For whatever reason I have not figured out why it happens but I have what I call wobbly days and good days. Getting out of a bed or chair is hilarious sometimes! I push myself up and fall back down a few times until I get on my two feet. Once I am on my feet I okay. My Hubby will help me stay on my feet by placing his hand on my back for support. On wobbly days, its the same getting up but my balance is off a lot more. I am all over the place on those days. The other day I was getting up on a bad day and I had to hurry to go to the bathroom. I finally got on my feet. When I made the first step, my balance threw me towards the wall headfirst. Luckily I caught myself.
Hubby and I laugh. I always laugh at myself. Hubby laughs with me but sometimes he says it just looks funny.
Walking in between something tight is difficult, especially moving objects or people. When I move into a new home, I always look at the kitchen's layout. I do most of the cooking. It's a catch 22. I like all the appliances especially the sink and stove close so I don't have to walk with a heavy pot far. Because of the way I walk, water sloshes all over and I need to be careful. Also I figure out how many turns I have to take to get from point A to B. I eventually adapt and there is no second thought of what I am doing.

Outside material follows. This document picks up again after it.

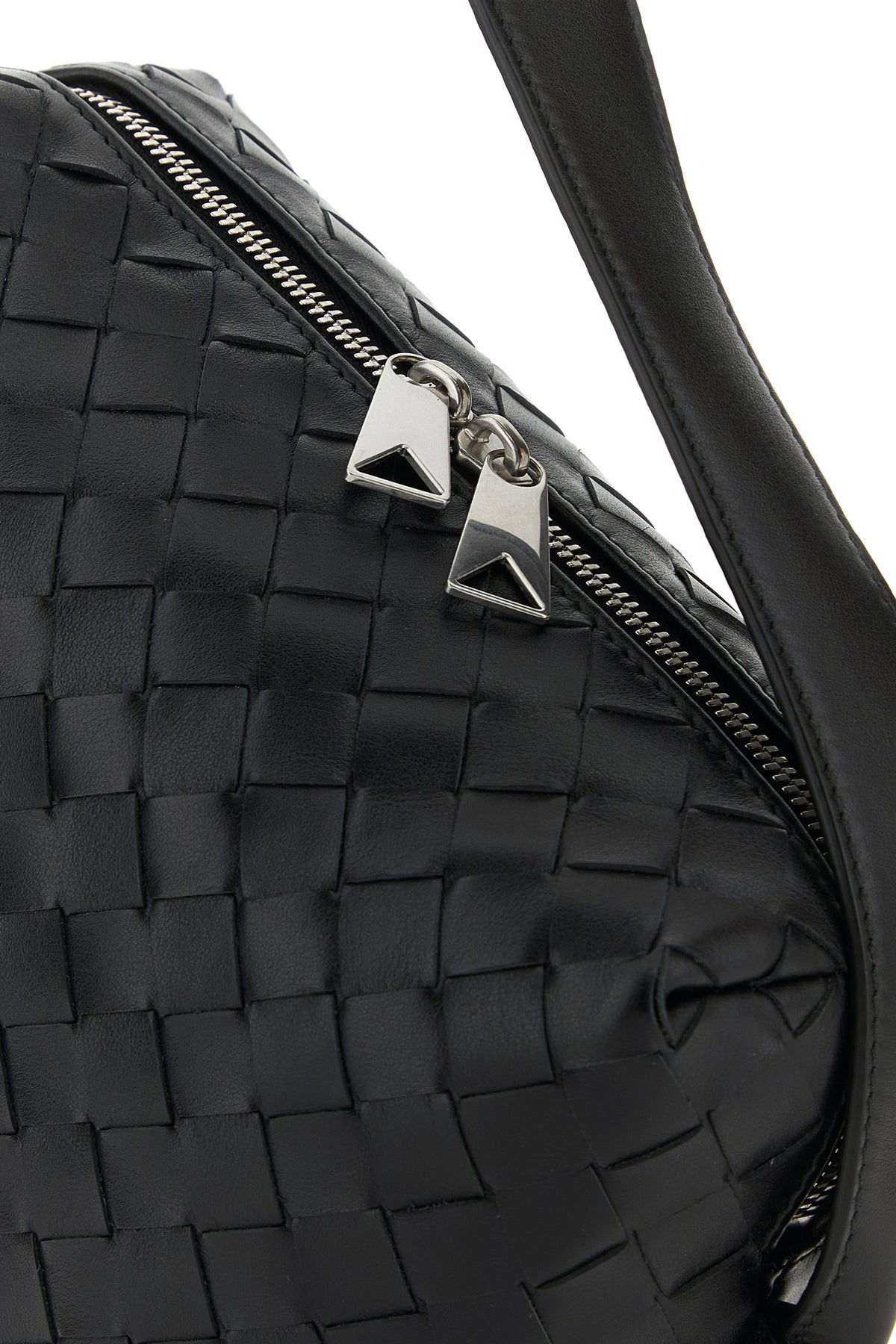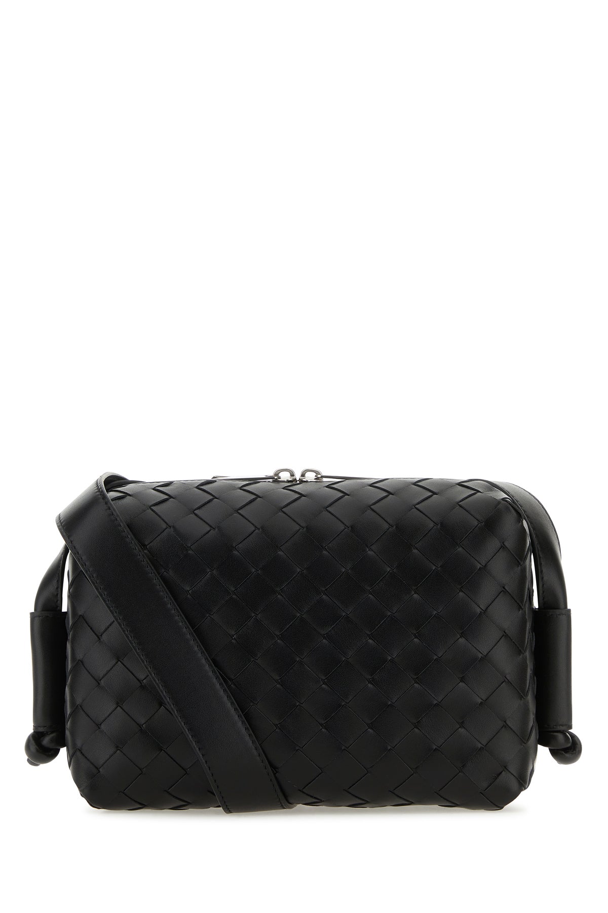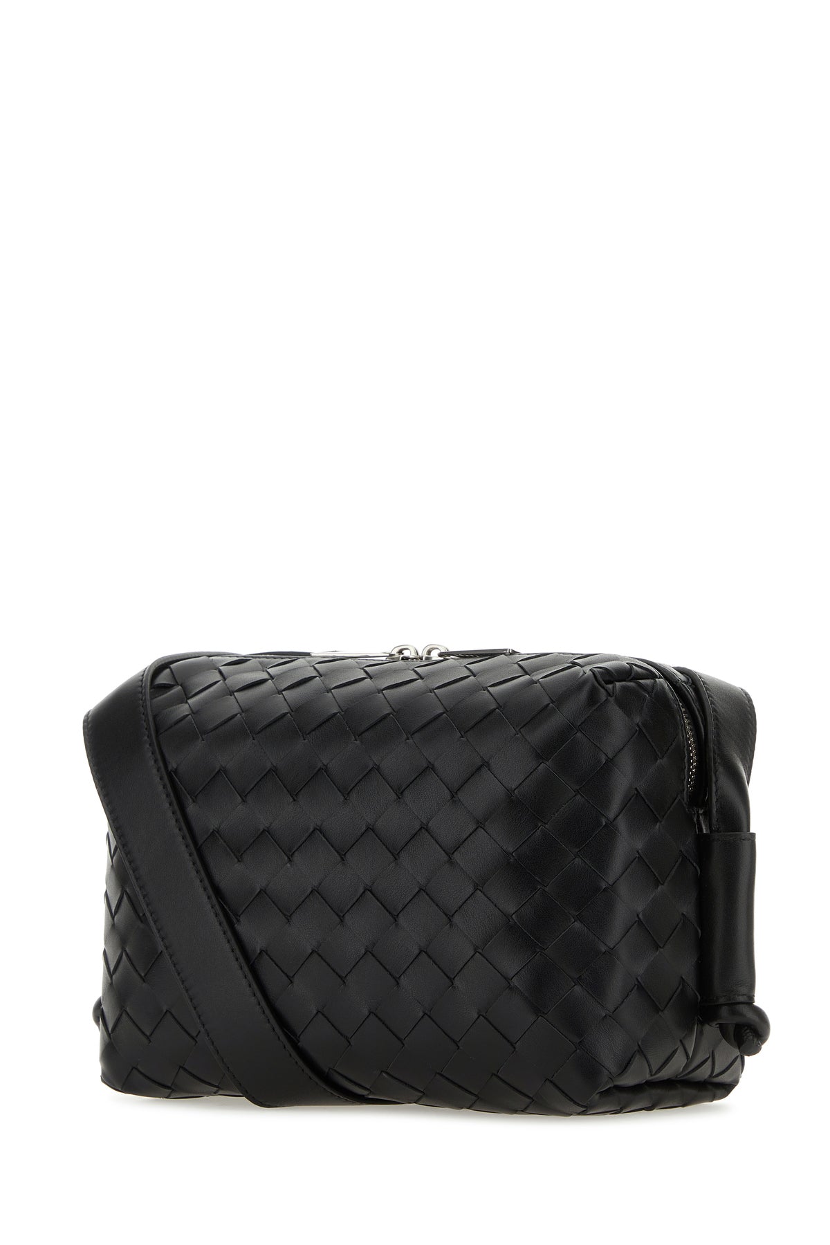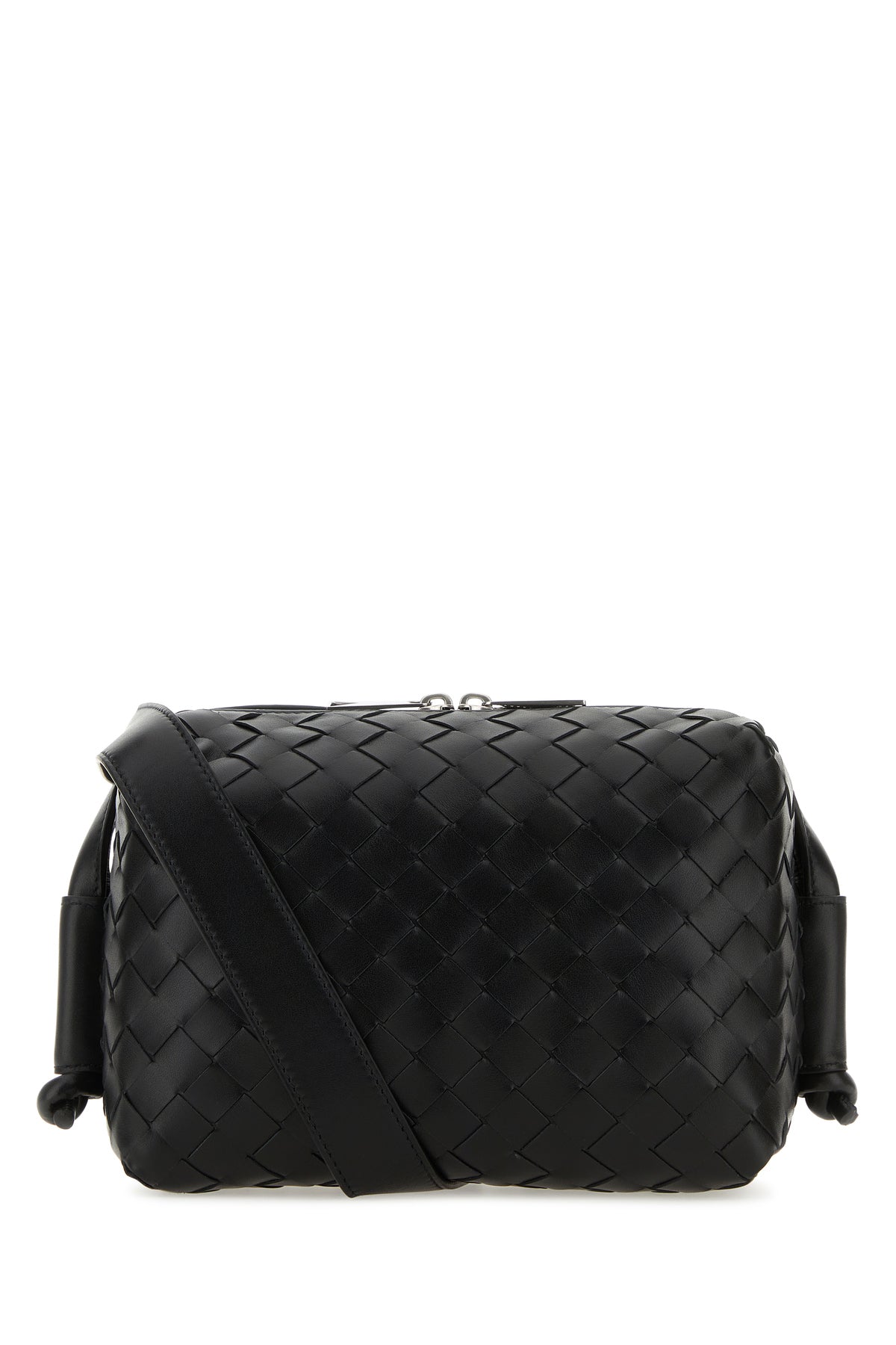 Borsa a tracolla realizzata in pelle liscia cauterizzata da iconico motivo Intrecciato su tutta la superficie.

I always think if I'm in the kitchen and I lose my balance I have something to grab on if everything is close by. But on the other hand, if I lose my balance and don't catch myself I could fall and hit my head. Hubby is always concerned about that when I am alone. MyBabyGirl has always been concerned about that too, not only in the kitchen.
I always have a rule for myself, if I am walking with a dish or pot or anything and I lose my balance. It is not going to be me falling down which results in broken dishes or supper on the floor. Broken dishes happened so many times I cannot count. I think supper landed on the floor maybe once or twice.
Do not ever ask me to walk backward or sideways. I mean really! I can't walk straight and balanced moving forward, what do you expect? Just the other day, Hubby and I were trying to move a big object and at first he had me pulling. He ran over my foot by the way and that hurt! But anyway I told him to switch. It was so much better.
I hope I was able to paint a picture of how I walk and stand. You may think wow she has a challenge every day. But don't! Yes, I am aware of the way I walk and trip etc but don't think about it. I just do what I have to do.